Detailed Description

Header package containing a collection of multiple precision quadword integer computation functions implemented with 128-bit PowerISA VMX and VSX instructions.

PVECLIB vec_int128_ppc.h provides the 128x128-bit multiply and 128-bit add with carry/extend operations. This is most of what we need to implement multiple precision integer computation. This header builds on those operations to build 256x256, 512x128, 512x512, 1024x1024 and 2048x2048 multiplies. We also provide 512-bit add with carry/extend operations as a general aid to construct multiple quadword precision arithmetic.

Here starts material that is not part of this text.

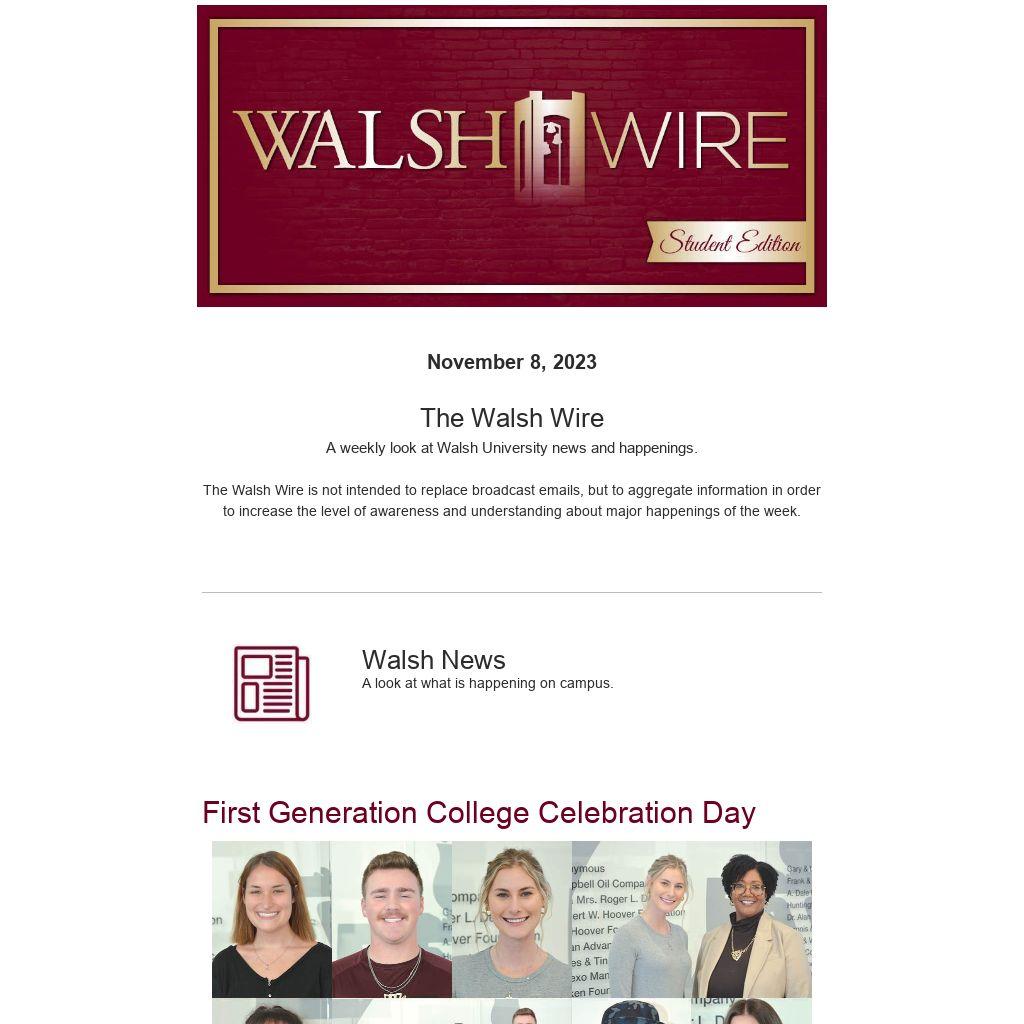 Today, across the nation, colleges and universities recognize First-Generation College Celebration Week and the students, faculty, staff, and alumni who broke down barriers and carved their own paths by pursuing a college degree. Being the first in your family to attend college takes courage and resilience, something Dr. Edna McCulloh, Associate Vice President for Academic Administration, knows first-hand [Read her story here, pages 12-14]. She is the first in her family to earn not only a bachelor’s degree but also her master's and doctorate degrees! With nearly half of the first-year students at Walsh University enrolled as first-generation students, she led a committee that spearheaded a new initiative called First Gen Cavs to recognize and support first-year students beyond the incredible resources Walsh provides all students. Read More

We provide static inline implementations for up to 512x512 multiplies and 512x512 add with carry/extend. These in-line operations are provided as building blocks for coding implementations of larger multiply and sum operations. Otherwise the in-line code expansion is getting too large for normal coding. So we also provide callable (static and dynamic) library implementations as well (Building libraries for vec_int512_ppc).

Security related implications

The challenge is delivering a 2048x2048 bit multiply, producing a 4096-bit product, while minimizing cache and timing side-channel exploits. The goal is to minimize the memory visibility of intermediate products and sums and internal conditional logic (like early exit optimizations). The working theory is to use vector registers and operations and avoid storing intermediate results. This implies:

• While the final 4096-bit product is so large (32 quadwords), it requires a memory buffer for the result, we should not use any part of this buffer to hold intermediate partial sums.
• The 2048-bit multiplicands are also large (2 x 16 quadwords) and will be passed in memory buffers that are effectively constant.
• All intermediate partial products and sums should be held in vector registers (VSRs) until quadwords of the final product are computed and ready to store into the result buffer.
• Avoid conditional logic that effects function timing based on values of the inputs or results.
• Internally the code can be organized as straight line code or loops, in-line functions or calls to carefully crafted leaf functions, as long as the above goals are met.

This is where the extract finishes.